┌─ DATA SECTION
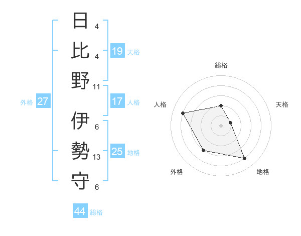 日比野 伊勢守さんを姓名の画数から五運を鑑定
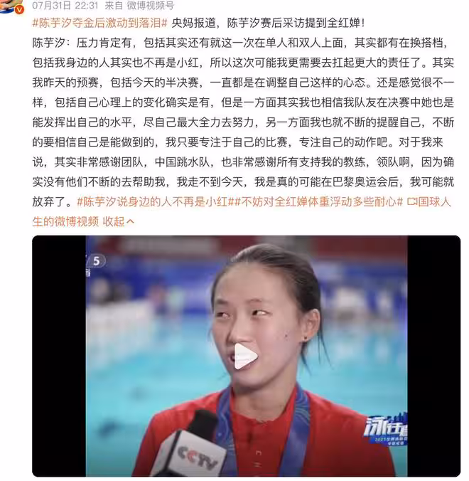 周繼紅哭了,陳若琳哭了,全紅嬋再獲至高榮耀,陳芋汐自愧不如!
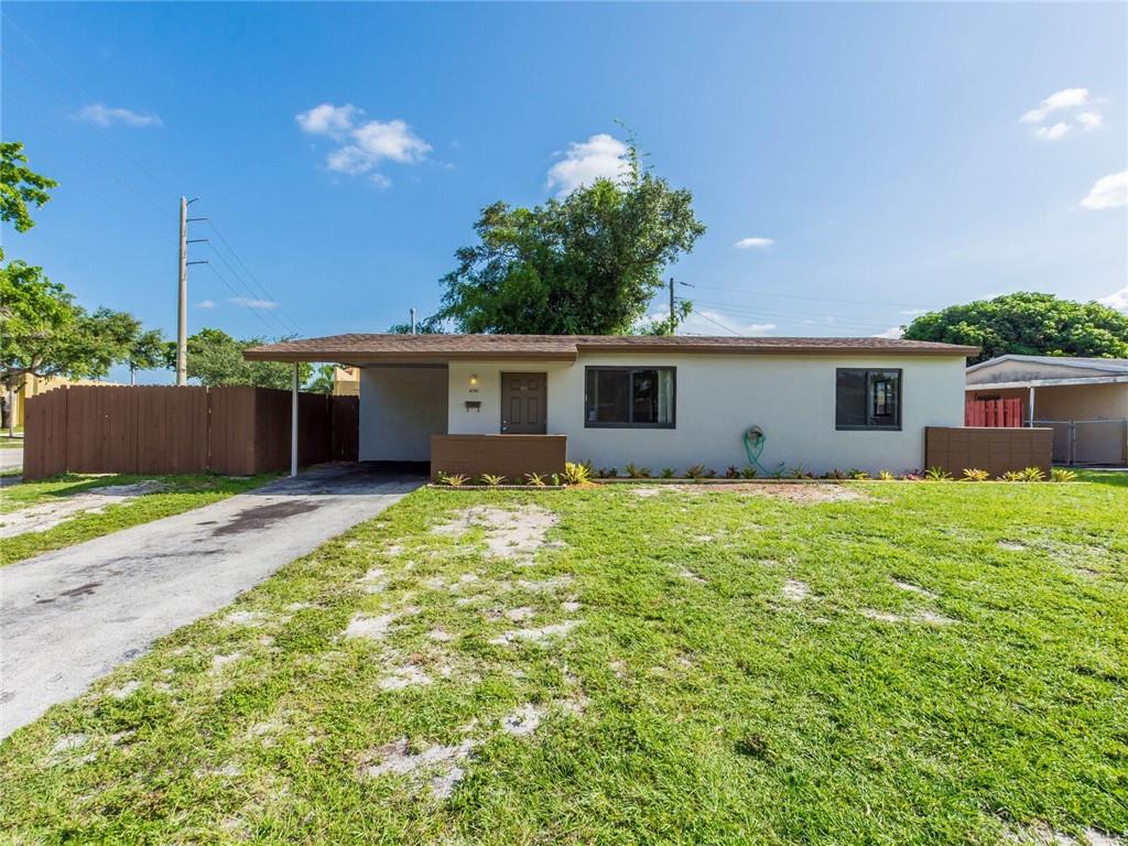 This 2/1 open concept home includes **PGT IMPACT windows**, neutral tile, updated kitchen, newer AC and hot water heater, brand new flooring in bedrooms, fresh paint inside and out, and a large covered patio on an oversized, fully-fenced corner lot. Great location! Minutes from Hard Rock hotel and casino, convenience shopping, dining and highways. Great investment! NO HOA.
└─
## HOW TO COMPLETE THIS TASK
The required output is the listing above reproduced exactly, pictures removed.

## REPLY
 日比野 伊勢守さんを姓名の画数から五運を鑑定
 周繼紅哭了,陳若琳哭了,全紅嬋再獲至高榮耀,陳芋汐自愧不如!
 This 2/1 open concept home includes **PGT IMPACT windows**, neutral tile, updated kitchen, newer AC and hot water heater, brand new flooring in bedrooms, fresh paint inside and out, and a large covered patio on an oversized, fully-fenced corner lot. Great location! Minutes from Hard Rock hotel and casino, convenience shopping, dining and highways. Great investment! NO HOA.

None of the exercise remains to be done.